Ensuring the reliable embedment of pile foundations into rock steep rock surface around the pile ending and that there should be masses is the key to the safety of pile foundations in the karst terrain (Wong et al. 2011; Niu et al. 2015; Xu et al. 2020). The basic requirement is that there should be no be no cave within a certain range under the pile bottom so as to avoid instability of the single pile due to insufficient thickness of the karst cave roof (Perrotti et al. 2019; Alemdag et al. 2019; Wu et al. 2019). The conditions of single pile embedding into rock masses are cross-sectional of pile tip enters the rock. The thickness of intact rock bellow pile tip is not less than 5 m. The rock-socketed thickness of pile tip should be deducted.

Within the scope of engineering construction in Karst Area, there are dolines, clints, ditches and grooves, caves, and fissures and other karst forms with irregular geometric shapes, various sizes, and uncertain locations (Parise et al. 2015; Knez et al. 2012; Zhang et al. 2020; Cao et al. 2020; Shi et al. 2020; Anchuela et al. 2015; Andriani and Parise 2017; Andriani et al. 2015). Due to the limitations of the existing survey means, the morphological features of karst at the site cannot be adequately identified by either drilling or geophysical method (Pazzi et al. 2018; Martel et al. 2018; Drahor 2019; Bu et al. 2019). In engineering practice in China, in order to ensure that the pile foundation meets the rock-embedding requirements, the embedment of the pile foundation into rock masses is usually checked initially in the construction survey of pile foundations on a one-pile-one-hole basis and finally confirmed after the pile hole is formed: dug piles are visually inspected down the hole; for punching piles, several points of the pile bottom are checked with the reinforcing bars or hanging cones.

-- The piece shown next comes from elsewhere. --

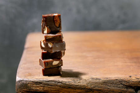 Stack of homemade toffee salted caramel chocolate almond nuts candy on wooden table. Handmade food sweet gifts for any holidays. Copy space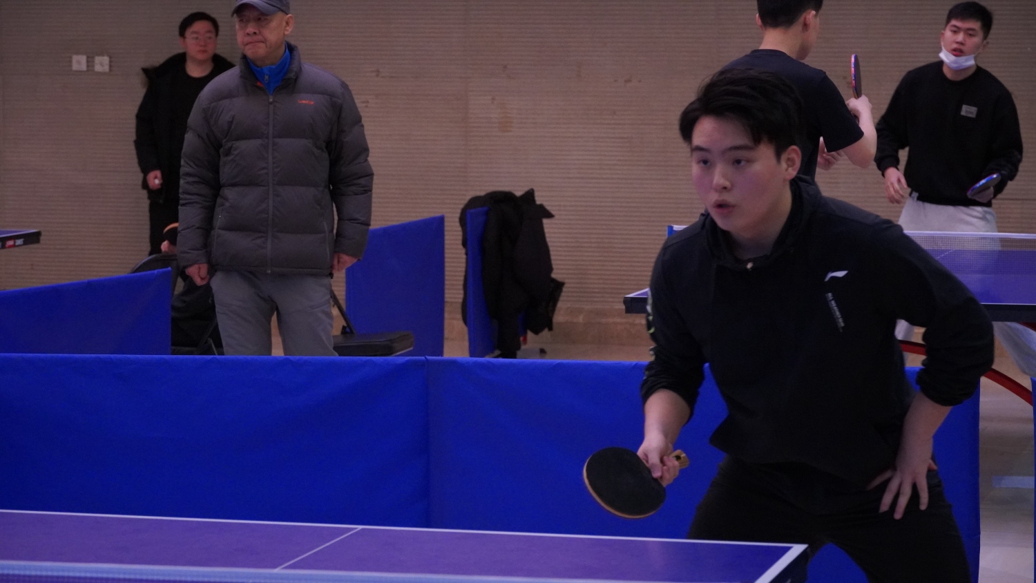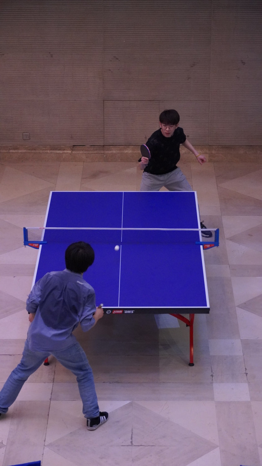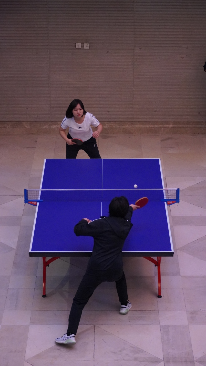 室外,寒阳斜风作晓冬;室内,各球台选手们“斗力频催鼓,争都更上筹”,你来我往,方寸战场各显神通:快攻、推挡、大力扣杀、弧圈球,球拍起落之间,精彩的攻防对决不时上演,引来阵阵喝彩,现场气氛被烘托得紧张热烈。女选手们的飒爽英姿备受瞩目,音教学院刘一诺近乎于专业选手的水准为本届比赛提供了最为难忘的高光时刻。

However, the above methods cannot ensure that the single pile ending is embedded into rocks reliably: first, even if the cross-section of the pile bottom touches rocks, there would be no guarantee that there is no free surface around the pile tip. If below the pile tip is a steep rock surface or a clint, a free surface is very likely to appear around the pile. Secondly, there is no guarantee that the thickness of the rock stratum below the pile tip can meet the design requirements. Practice of karst survey shows that, when a small-caliber survey hole is shifted by several centimeters, the thickness and depth of the exposed cave roof will likely be very different and even cannot reveal the hidden caves. Therefore, reliable embedment of pile foundations into rock masses in the karst terrain still needs further studies.

In order to provide basis for the analysis and evaluation on the reliability of the embedment of single pile into rock masses at building sites in karst terrain, this paper, based on the building foundation surveys in the karst terrain and the pile foundation engineering practices, establishes a probability model for embedment of single pile into rock masses which considers the degree of foundation dissolution and the pile diameter, deduces the depth distribution formula for the rock-embedding probability of single pile, and at lastly verifies the rationality of the proposed probability model with a typical project instance.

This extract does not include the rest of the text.